Extracted material =
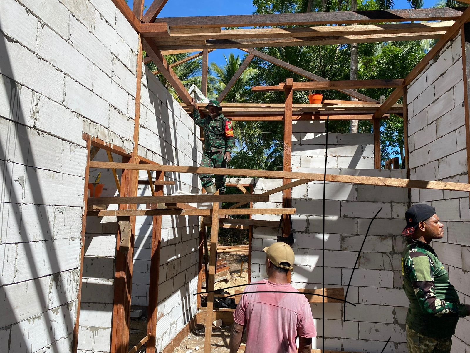 Pembangunan rumah tersebut merupakan salah satu sasaran fisik TMMD yang bertujuan meningkatkan kualitas hunian masyarakat. Personel Satgas bersama warga bekerja secara bertahap mulai dari persiapan pondasi hingga penyusunan struktur bangunan.
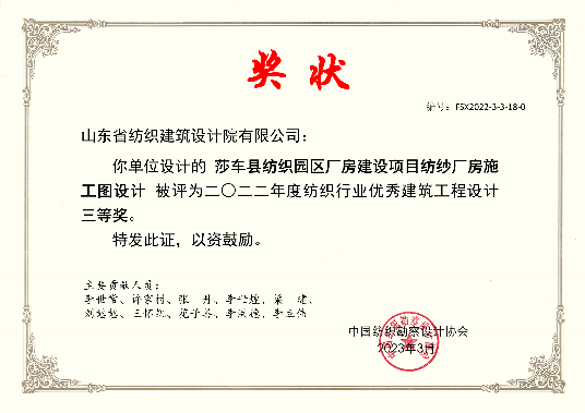 2022年紡織行業(yè)優(yōu)秀建筑工程設(shè)計(jì)三等獎(jiǎng)
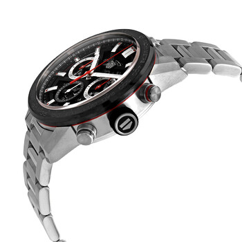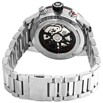 Stainless steel case with a stainless steel bracelet. Fixed stainless steel bezel with a black ring showing tachymeter markings. Skeleton dial with luminous silver-tone hands and index hour markers. Minute markers around the outer rim. Dial Type: Analog. Luminescent hands and markers. Date display between the 4 and 5 o'clock positions. Chronograph - three sub-dials displaying: second, 30 minute and 12 hour. Tag Heuer calibre 02 automatic movement, containing 33 Jewels, composed of 168 parts, bitting at 28800 vph, and has a power reserve of approximately 80 hours. Scratch resistant sapphire crystal. Pull / push crown. Transparent case back. Round case shape. Case size: 43 mm. Deployment clasp with a push button release. Water resistant at 100 meters / 330 feet. Functions: chronograph, date, hour, minute, second. Carrera Series. Sport watch style. Watch label: Swiss Made. Tag Heuer Carrera Chronograph Automatic Men's Watch CBG2010.BA0662.
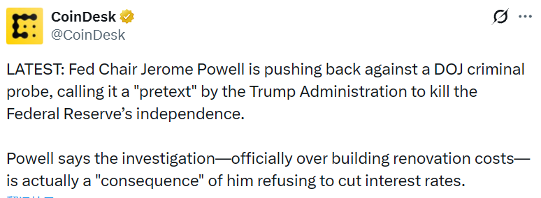 - 美联储主席鲍威尔抵制美国司法部刑事调查
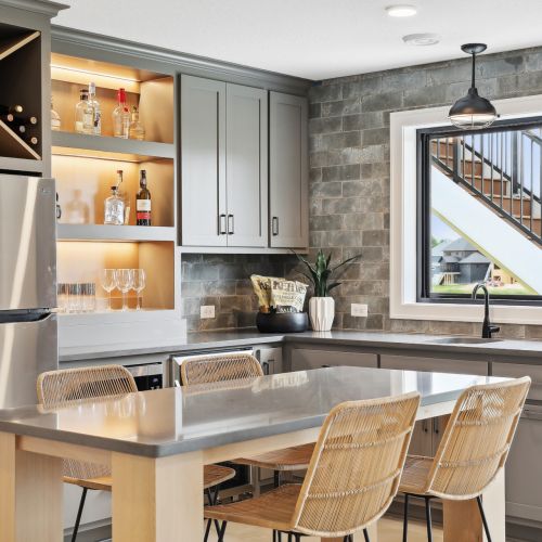 - Family Room and Game Areas with built-in entertainment cabinetry, wrap-around Wet Bar and Island is perfect for family functions or game days.
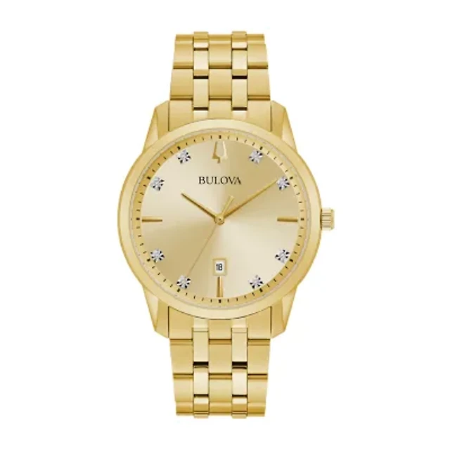 Bulova Mens Gold Tone Stainless Steel Bracelet Watch 98b375

Exercise requirements = Would you please print only the lines running from the one with "- Family Room" to the final line of the entries above, exactly as written and without pictures?

Solution =
 - Family Room and Game Areas with built-in entertainment cabinetry, wrap-around Wet Bar and Island is perfect for family functions or game days.
 Bulova Mens Gold Tone Stainless Steel Bracelet Watch 98b375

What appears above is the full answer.